The Alnwick and District Local History Society welcomed Chris Davies to its November meeting in an unusual talk about his research into aviation accidents in Northumberland.

There have been a large number of accidents over the years, particularly in the Cheviot Hills.

Chris has written four volumes detailing his research, called Almost Forgotten, though only the first volume has been published so far.

His starting point was the Aviation Diary of Northumberland detailing where these accidents have occurred, but in many instances the site of the accident is not known and in others they have proved to be incorrect.

Chris set himself the task of finding the true locations of these many crashes.

Chris Davies is a great walker, particularly enjoying the Cheviot Hills, where the majority of crashes have taken place.

He takes with him his poodles, which are trained to sniff out wreckage, and a metal detector, which detects the alloy particularly used in aircraft manufacture.

Since the evidence remaining at or near the surface is often small, a find of this alloy is important to distinguish a plane from other metal finds.

The pieces are often covered in a blue or orange dust, caused by the oxidation of the metal alloy.

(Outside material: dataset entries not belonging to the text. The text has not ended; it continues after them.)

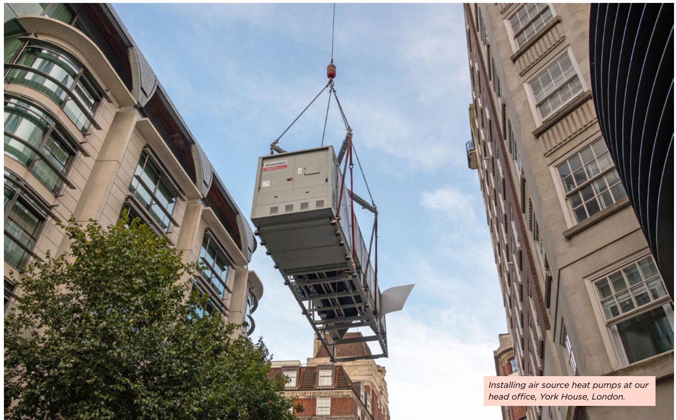
Installing air source heat pumps at our head office, York House, London.

Consider opportunities to support a just transition – ensuring a fair and inclusive journey to a net zero, resilient future where people and nature thrive.
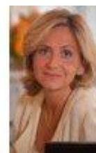
Valérie Pécresse Minister for Budget, Public Accounting and State reform
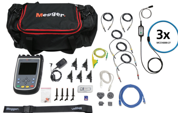
MPQ1000 Gold Kit C/N MPQ1000-G-KIT

Includes MPQ1000 analyzer, voltage leads, SD card, USB cable, ethernet cable, universal power adapter, soft-sided carry bag plus fuse adapters and hanging strap. Does not include current clamps.

Sometimes, the terrain itself is a problem. Searching the area near Chew Green was difficult as he could not use his metal detector in the red danger zone.

There were also problems at Corby Crags, where there are a number of old bell pits. These are dangerous, but more dangerous were the old mortar shells. It transpired that this area is an old firing range.

Chris relies a lot on the recollections of local people, who had witnessed the crashes. One person has witnessed or was involved in the aftermath of six crashes, the first being when he was just 15 years old.

Talking about the crashes to Chris Davies has helped him with the trauma which he has suffered.

Once he has found a previously unknown crash, Chris would try to find relatives, and make contact with them. He has tried to place memorials to mark the sites of the crashes, which he makes himself. It can, however, be difficult carrying all the material needed for these.

On a few occasions, a service has been arranged involving relatives who have come from various parts of the world.

The next meeting of the Society will be held on Tuesday, January 28, 2014, when Marjorie Brown will be talking about the early years of Alnwick Cemetery.